» **What the task asks**
A complete response lists each line of the data below that includes the word "Open".

» **Data extracts**
◆ ◆ ◆ ◆
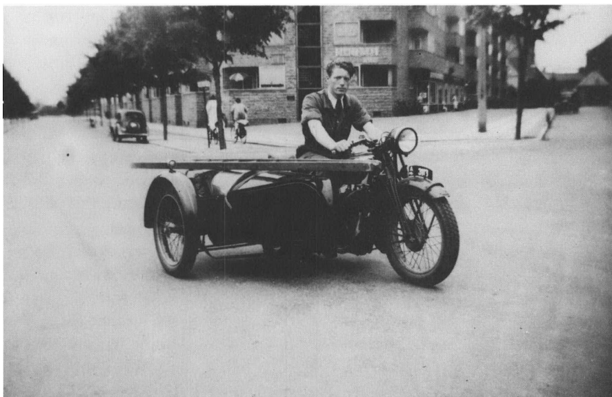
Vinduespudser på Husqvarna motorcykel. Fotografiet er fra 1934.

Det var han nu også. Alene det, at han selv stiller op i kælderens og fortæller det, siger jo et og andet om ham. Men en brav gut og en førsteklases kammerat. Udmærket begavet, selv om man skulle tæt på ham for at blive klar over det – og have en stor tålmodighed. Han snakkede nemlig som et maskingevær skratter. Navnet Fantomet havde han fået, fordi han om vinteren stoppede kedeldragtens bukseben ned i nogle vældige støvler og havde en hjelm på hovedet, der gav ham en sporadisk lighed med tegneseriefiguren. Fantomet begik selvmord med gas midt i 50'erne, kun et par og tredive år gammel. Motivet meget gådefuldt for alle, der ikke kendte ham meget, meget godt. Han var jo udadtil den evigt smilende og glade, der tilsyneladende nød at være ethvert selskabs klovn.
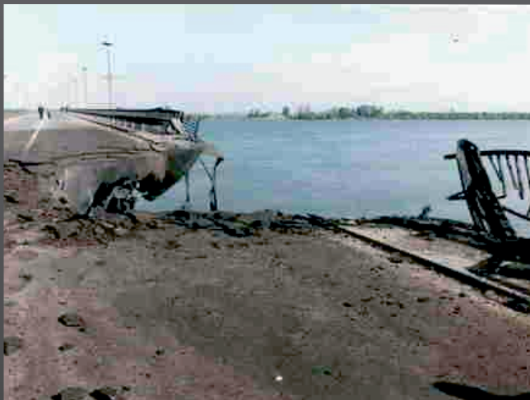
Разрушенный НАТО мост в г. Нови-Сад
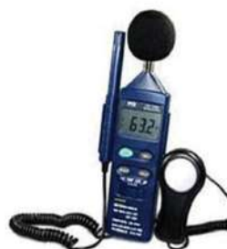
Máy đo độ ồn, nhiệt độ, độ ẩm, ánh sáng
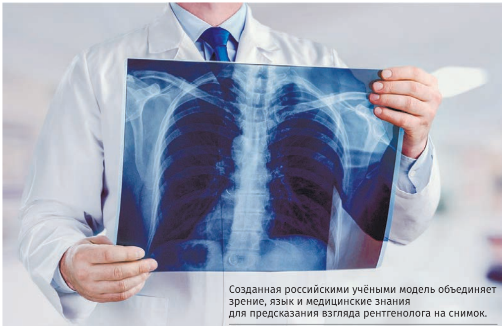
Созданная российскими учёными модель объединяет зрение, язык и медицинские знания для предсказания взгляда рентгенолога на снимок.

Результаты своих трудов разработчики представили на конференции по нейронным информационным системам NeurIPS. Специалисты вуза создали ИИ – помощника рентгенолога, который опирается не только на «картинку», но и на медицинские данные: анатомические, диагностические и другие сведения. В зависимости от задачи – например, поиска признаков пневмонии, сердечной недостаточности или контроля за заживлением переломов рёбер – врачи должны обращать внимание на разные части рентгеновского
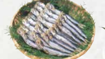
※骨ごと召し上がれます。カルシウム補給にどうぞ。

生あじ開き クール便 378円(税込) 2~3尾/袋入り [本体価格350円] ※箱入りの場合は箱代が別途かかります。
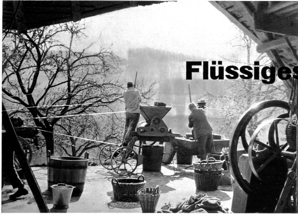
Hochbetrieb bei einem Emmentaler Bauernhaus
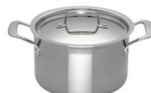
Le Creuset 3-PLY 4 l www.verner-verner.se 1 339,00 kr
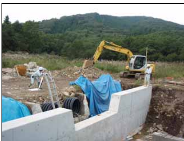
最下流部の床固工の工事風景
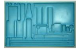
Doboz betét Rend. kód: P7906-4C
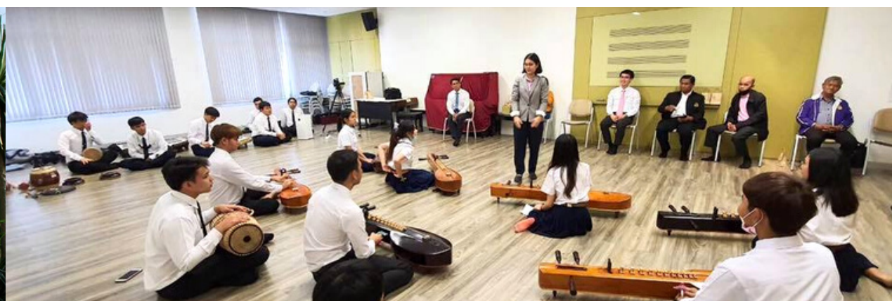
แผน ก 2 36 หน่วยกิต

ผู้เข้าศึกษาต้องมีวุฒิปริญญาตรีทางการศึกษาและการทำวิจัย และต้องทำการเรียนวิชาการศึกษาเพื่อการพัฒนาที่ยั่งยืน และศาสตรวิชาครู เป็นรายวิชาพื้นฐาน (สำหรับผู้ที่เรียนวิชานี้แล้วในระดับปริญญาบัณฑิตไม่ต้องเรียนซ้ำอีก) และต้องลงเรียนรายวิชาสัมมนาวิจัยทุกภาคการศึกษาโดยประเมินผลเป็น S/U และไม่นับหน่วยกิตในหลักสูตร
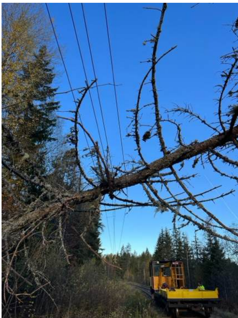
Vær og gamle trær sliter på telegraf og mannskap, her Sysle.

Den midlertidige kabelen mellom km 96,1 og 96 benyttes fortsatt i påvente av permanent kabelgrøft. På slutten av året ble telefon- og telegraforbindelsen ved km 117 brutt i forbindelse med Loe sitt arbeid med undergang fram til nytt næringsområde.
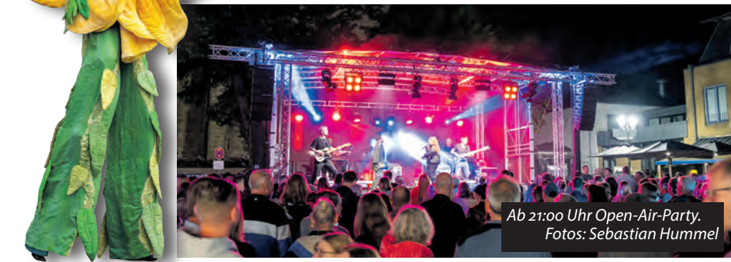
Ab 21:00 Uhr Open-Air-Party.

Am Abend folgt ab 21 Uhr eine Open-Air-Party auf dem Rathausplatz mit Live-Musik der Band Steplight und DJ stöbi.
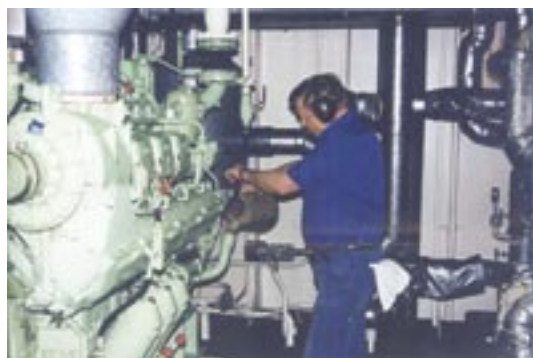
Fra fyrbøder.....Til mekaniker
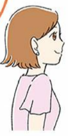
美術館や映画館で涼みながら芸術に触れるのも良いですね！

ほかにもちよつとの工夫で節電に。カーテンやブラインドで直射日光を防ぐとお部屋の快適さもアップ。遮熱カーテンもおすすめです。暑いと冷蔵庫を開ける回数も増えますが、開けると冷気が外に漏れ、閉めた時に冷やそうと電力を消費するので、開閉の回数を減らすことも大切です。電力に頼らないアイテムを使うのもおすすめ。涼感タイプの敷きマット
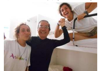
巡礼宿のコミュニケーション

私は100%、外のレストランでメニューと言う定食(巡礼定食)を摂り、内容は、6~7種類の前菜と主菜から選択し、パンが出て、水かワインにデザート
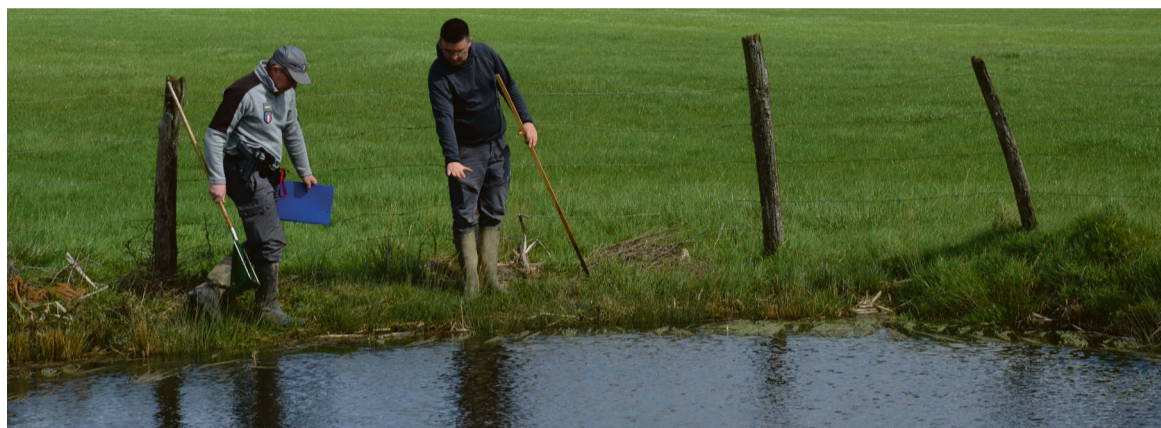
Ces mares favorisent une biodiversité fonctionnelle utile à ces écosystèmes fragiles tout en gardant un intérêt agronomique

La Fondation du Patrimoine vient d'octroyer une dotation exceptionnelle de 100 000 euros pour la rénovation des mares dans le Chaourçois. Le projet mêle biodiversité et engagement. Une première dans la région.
◆ ◆ ◆ ◆
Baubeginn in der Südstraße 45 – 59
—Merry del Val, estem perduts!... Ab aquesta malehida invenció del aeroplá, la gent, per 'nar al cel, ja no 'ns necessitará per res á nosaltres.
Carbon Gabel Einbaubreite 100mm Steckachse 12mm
◆ ◆ ◆ ◆
» **Task output**
Ab 21:00 Uhr Open-Air-Party.
Am Abend folgt ab 21 Uhr eine Open-Air-Party auf dem Rathausplatz mit Live-Musik der Band Steplight und DJ stöbi.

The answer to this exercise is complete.